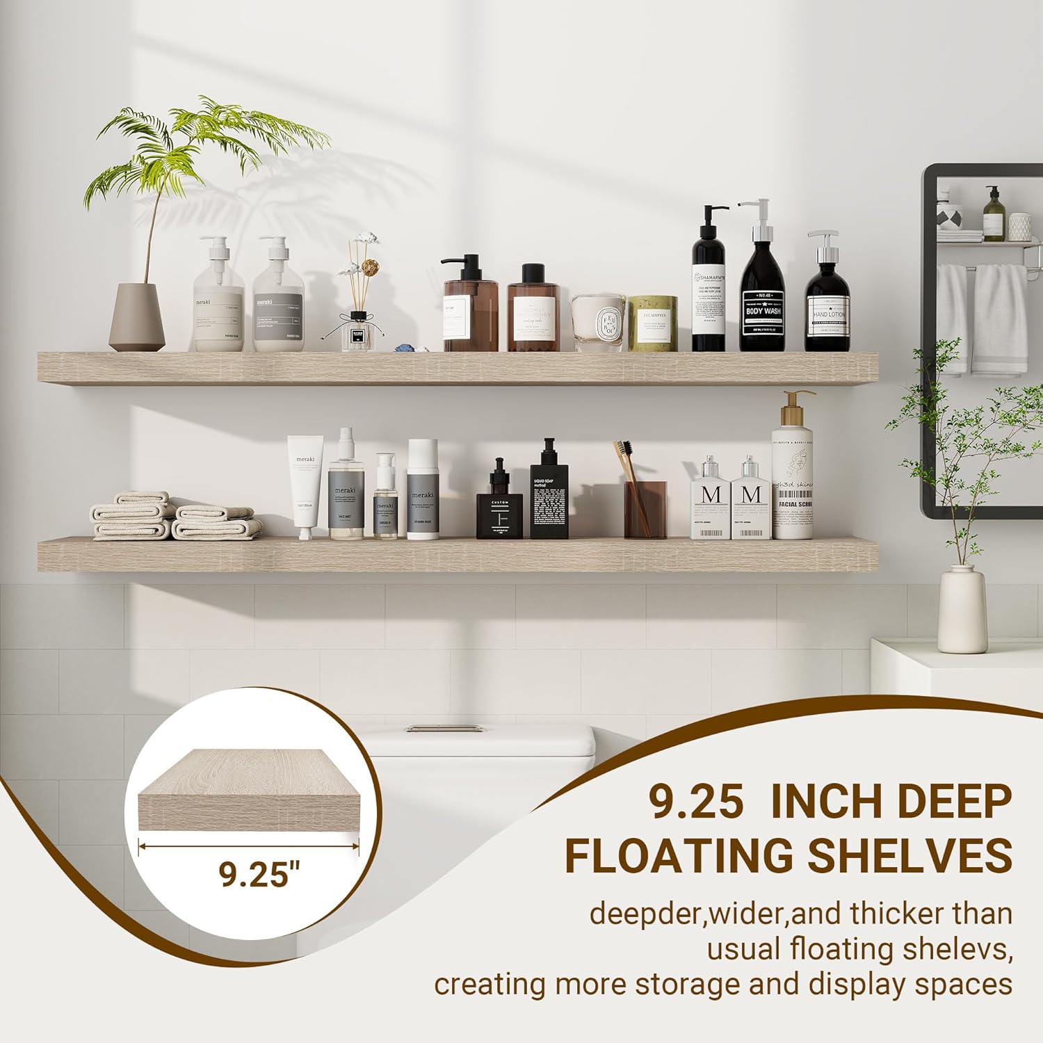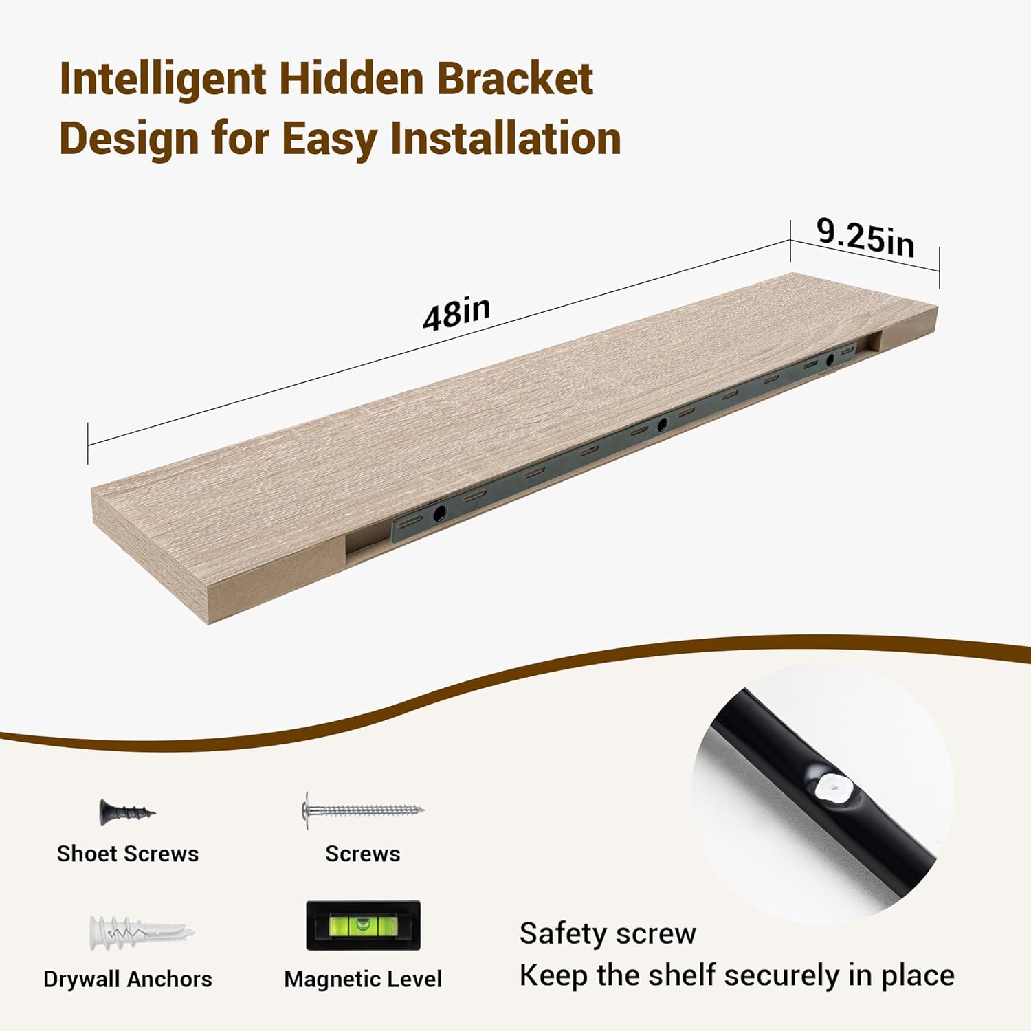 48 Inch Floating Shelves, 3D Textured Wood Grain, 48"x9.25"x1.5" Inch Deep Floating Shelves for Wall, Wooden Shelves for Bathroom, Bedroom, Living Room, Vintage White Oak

...

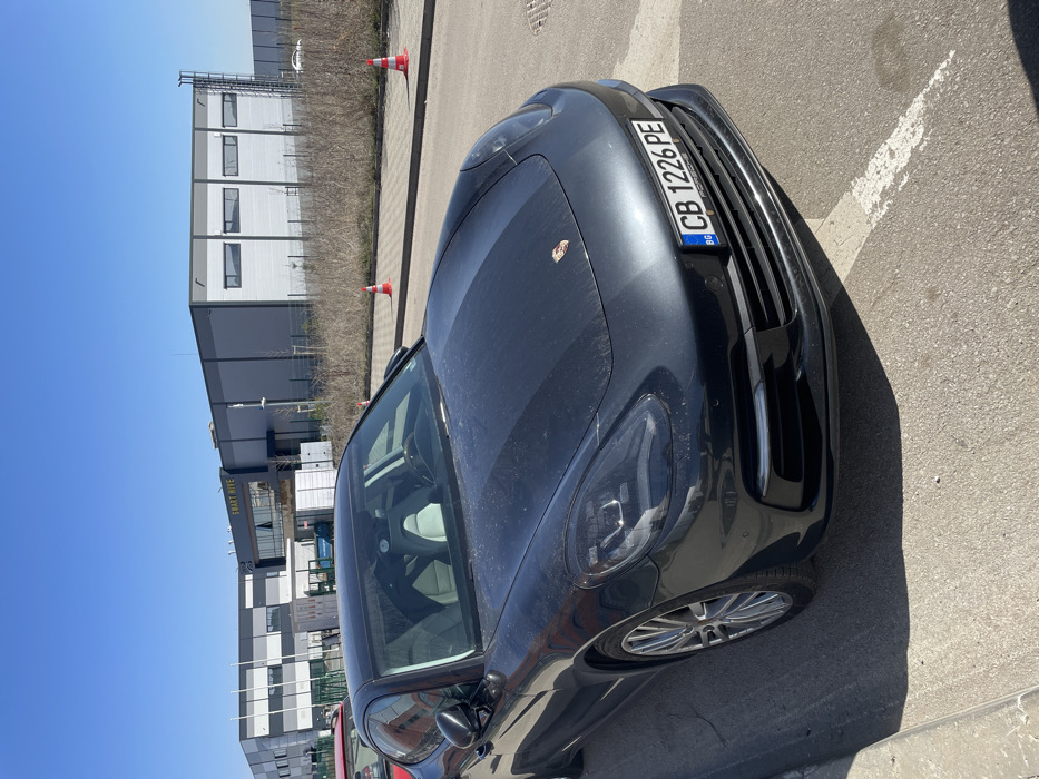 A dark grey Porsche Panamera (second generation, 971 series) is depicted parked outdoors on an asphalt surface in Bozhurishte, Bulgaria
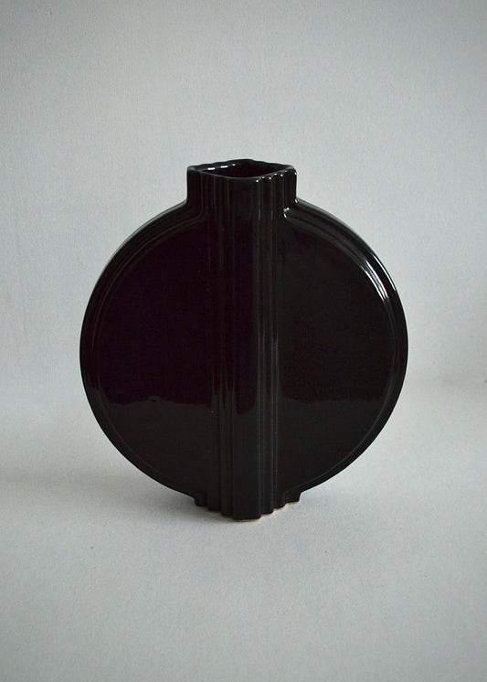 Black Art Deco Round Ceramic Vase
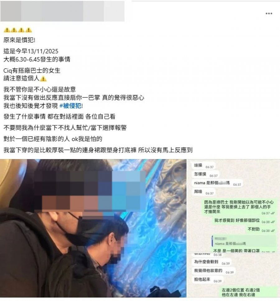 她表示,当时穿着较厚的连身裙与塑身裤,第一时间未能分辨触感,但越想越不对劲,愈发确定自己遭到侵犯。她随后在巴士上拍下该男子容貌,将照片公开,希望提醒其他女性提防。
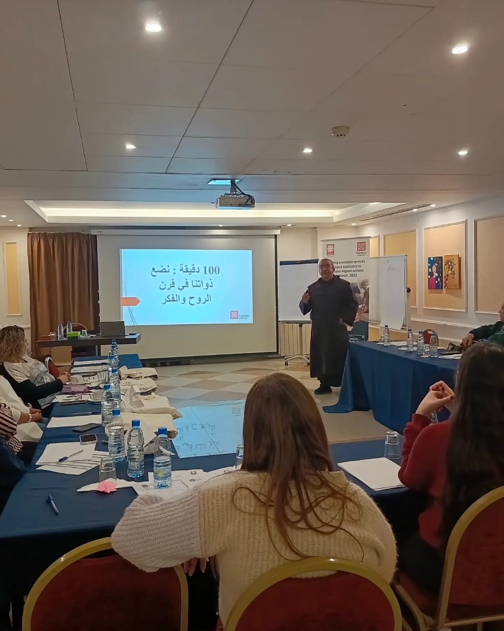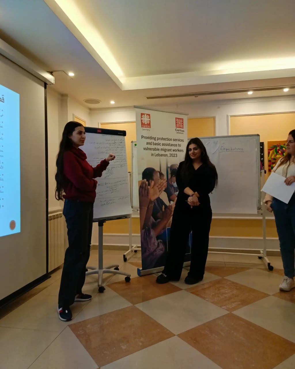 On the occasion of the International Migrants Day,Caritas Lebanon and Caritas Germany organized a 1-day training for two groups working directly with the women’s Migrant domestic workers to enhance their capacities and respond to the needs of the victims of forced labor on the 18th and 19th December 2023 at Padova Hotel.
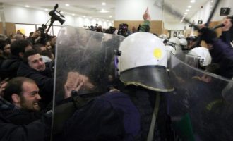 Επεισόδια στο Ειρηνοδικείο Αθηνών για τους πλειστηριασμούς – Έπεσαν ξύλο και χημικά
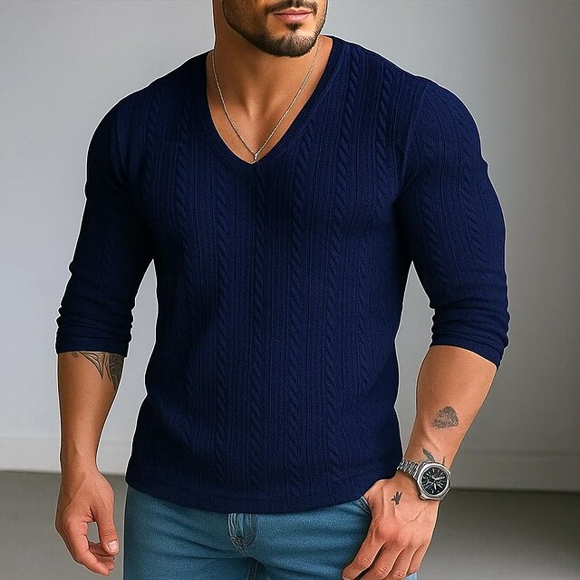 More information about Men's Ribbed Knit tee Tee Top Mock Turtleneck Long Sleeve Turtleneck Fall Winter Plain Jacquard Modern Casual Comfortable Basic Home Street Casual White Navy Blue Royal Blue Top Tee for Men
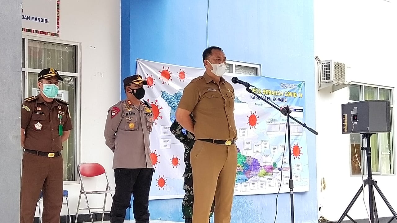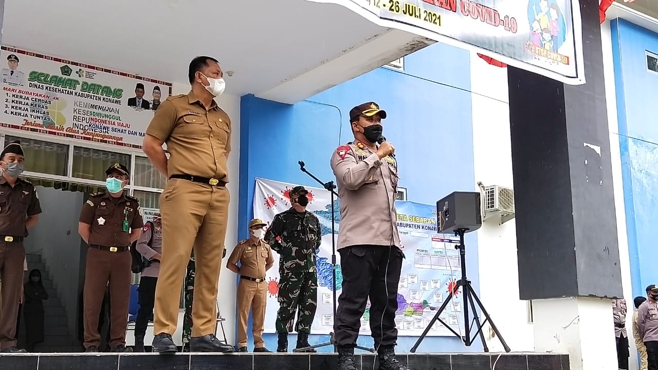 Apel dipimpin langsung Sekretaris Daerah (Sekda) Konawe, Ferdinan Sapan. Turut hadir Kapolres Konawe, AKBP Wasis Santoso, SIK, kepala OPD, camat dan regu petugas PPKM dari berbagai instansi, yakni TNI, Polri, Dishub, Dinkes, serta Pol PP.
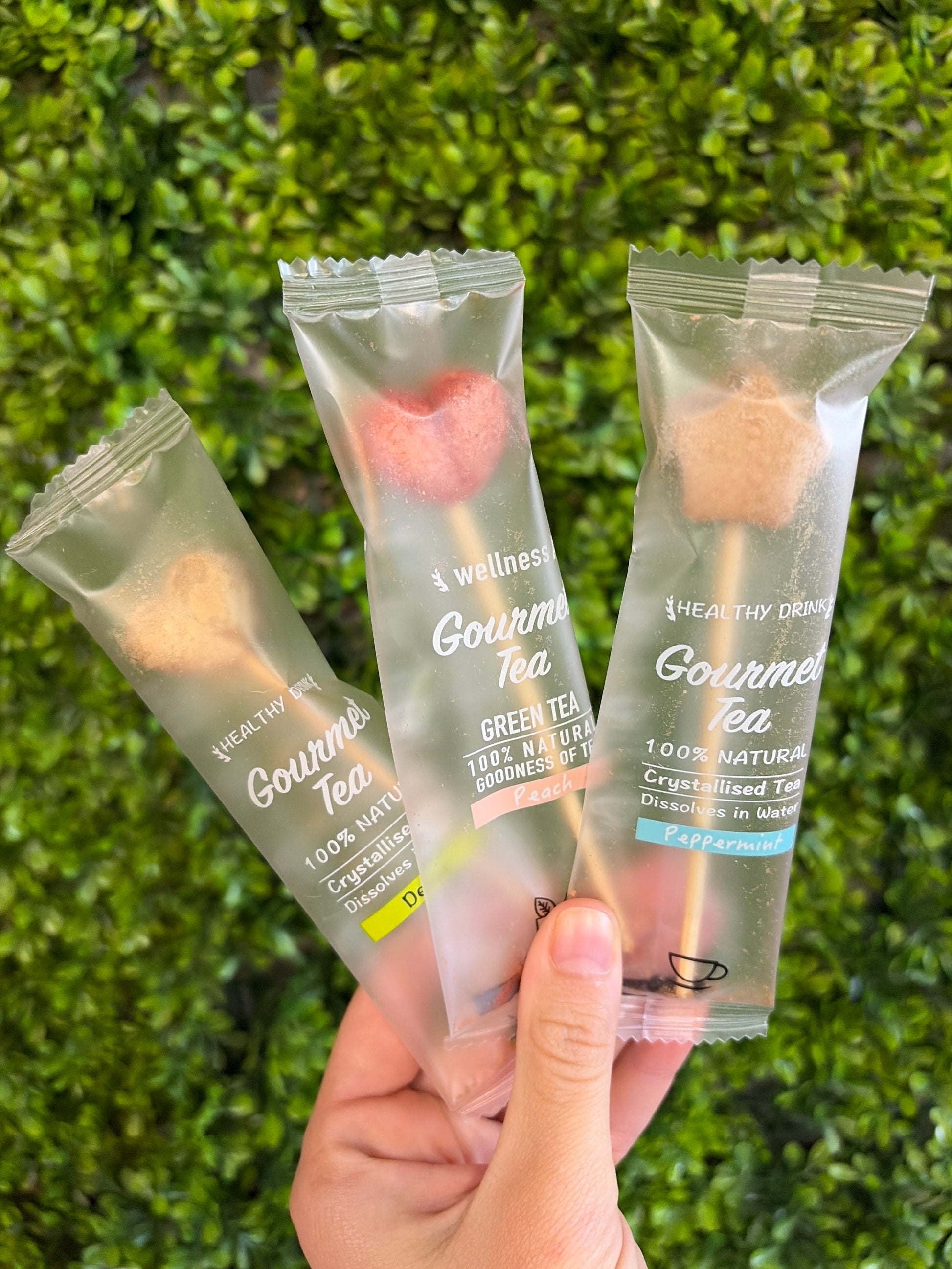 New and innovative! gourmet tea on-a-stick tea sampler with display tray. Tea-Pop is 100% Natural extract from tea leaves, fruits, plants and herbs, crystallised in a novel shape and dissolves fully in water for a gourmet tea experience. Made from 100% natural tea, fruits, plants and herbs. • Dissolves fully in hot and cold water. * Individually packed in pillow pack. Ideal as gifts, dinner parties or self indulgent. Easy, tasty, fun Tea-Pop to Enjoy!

Work item: Leaving each picture behind, please give again exactly the lines above from the one with "On the occasion" through the one with "New and innovative!", both included, and no others.

Answer box:
 On the occasion of the International Migrants Day,Caritas Lebanon and Caritas Germany organized a 1-day training for two groups working directly with the women’s Migrant domestic workers to enhance their capacities and respond to the needs of the victims of forced labor on the 18th and 19th December 2023 at Padova Hotel.
 Επεισόδια στο Ειρηνοδικείο Αθηνών για τους πλειστηριασμούς – Έπεσαν ξύλο και χημικά
 More information about Men's Ribbed Knit tee Tee Top Mock Turtleneck Long Sleeve Turtleneck Fall Winter Plain Jacquard Modern Casual Comfortable Basic Home Street Casual White Navy Blue Royal Blue Top Tee for Men
 Apel dipimpin langsung Sekretaris Daerah (Sekda) Konawe, Ferdinan Sapan. Turut hadir Kapolres Konawe, AKBP Wasis Santoso, SIK, kepala OPD, camat dan regu petugas PPKM dari berbagai instansi, yakni TNI, Polri, Dishub, Dinkes, serta Pol PP.
 New and innovative! gourmet tea on-a-stick tea sampler with display tray. Tea-Pop is 100% Natural extract from tea leaves, fruits, plants and herbs, crystallised in a novel shape and dissolves fully in water for a gourmet tea experience. Made from 100% natural tea, fruits, plants and herbs. • Dissolves fully in hot and cold water. * Individually packed in pillow pack. Ideal as gifts, dinner parties or self indulgent. Easy, tasty, fun Tea-Pop to Enjoy!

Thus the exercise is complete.